I received the following questions in a series of emails from a graduating senior at Texas A&M University who aspires to be a professional copywriter. If you, too, are considering a career as a copywriter, you might find my answers below of interest.
Yes, you need to build a portfolio. Try to find friends or family who have businesses and may need help with a brochure, newsletter or other copywriting assignment. You can also create your own website. Use a tool like www.weebly.com if you’re not a techie. On the website include some samples of your writing, perhaps from school or volunteer work.
Another option is to write for blogs. Is there a subject in which you’re particularly interested? You can create your own blog. Or, find some blogs on the subject and then offer to write a guest post.
For example, I read a blog on leadership skills. I was speaking to the blog owner the other day and he asked if I’d consider writing a guest post on the ties between leadership and entrepreneurship.

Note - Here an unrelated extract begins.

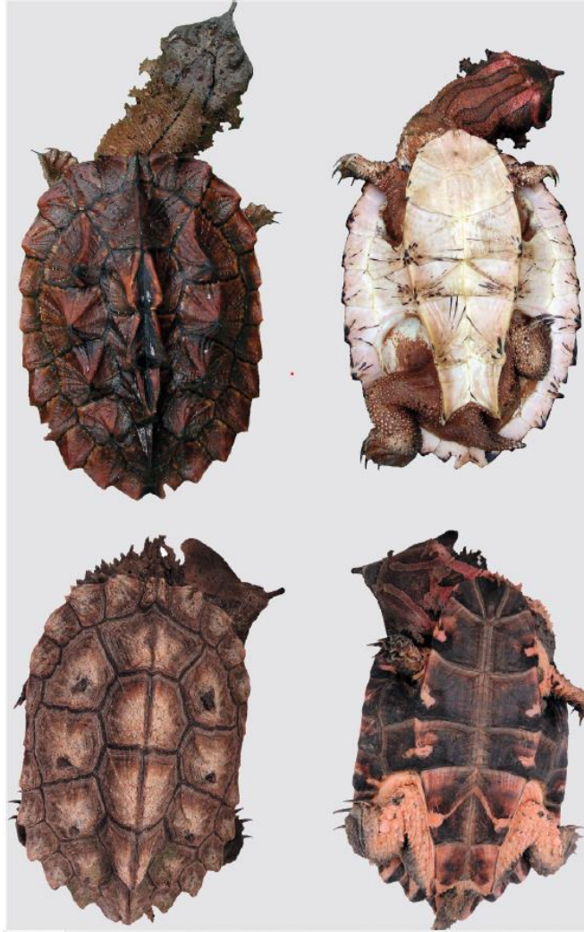
Figura 3. Fuente: Comparación de aspectos dorsal y ventral de Chelus orinocensis (arriba), hembra subadulta y Chelus fimbriata (abajo), hembra subadulta (Vargas-Ramírez et al. 2020)

Si bien las dos especies pueden tener el mismo tamaño alcanzando los 50 cm, habitan territorios diferentes, y las características físicas distintivas a nivel de cada especie están basadas en la coloración del plastrón, del dorso, así como la coloración y forma de caparazón.

I’ve also written some guest posts on copywriting-related subjects for marketing blogs. They get free articles and I get a byline and some visibility (public relations).
Of course, you should always have your eyes open for opportunities among your contacts, including friends and family. Do any of them own a business? Might they appreciate some affordable assistance with their marketing?
There are also bid sites where you can compete for freelance copywriting projects such as www.freelancer.com, www.fiverr.com and www.upwork.com. The work tends to be low-paying but the value is in building your portfolio, gaining some experience and possibly connecting with a client who might have ongoing needs for your services.
Another option is for you to write an ebook. Pick a topic and write about it. Publish it as a PDF. I have one I wrote and published myself, which you can find here, www.JobHuntingStrategies.com.
The bottom line is that you can find places that will publish your work. The writing practice you get will be invaluable and, at the same time, you’ll be building a portfolio to show prospective employers or clients.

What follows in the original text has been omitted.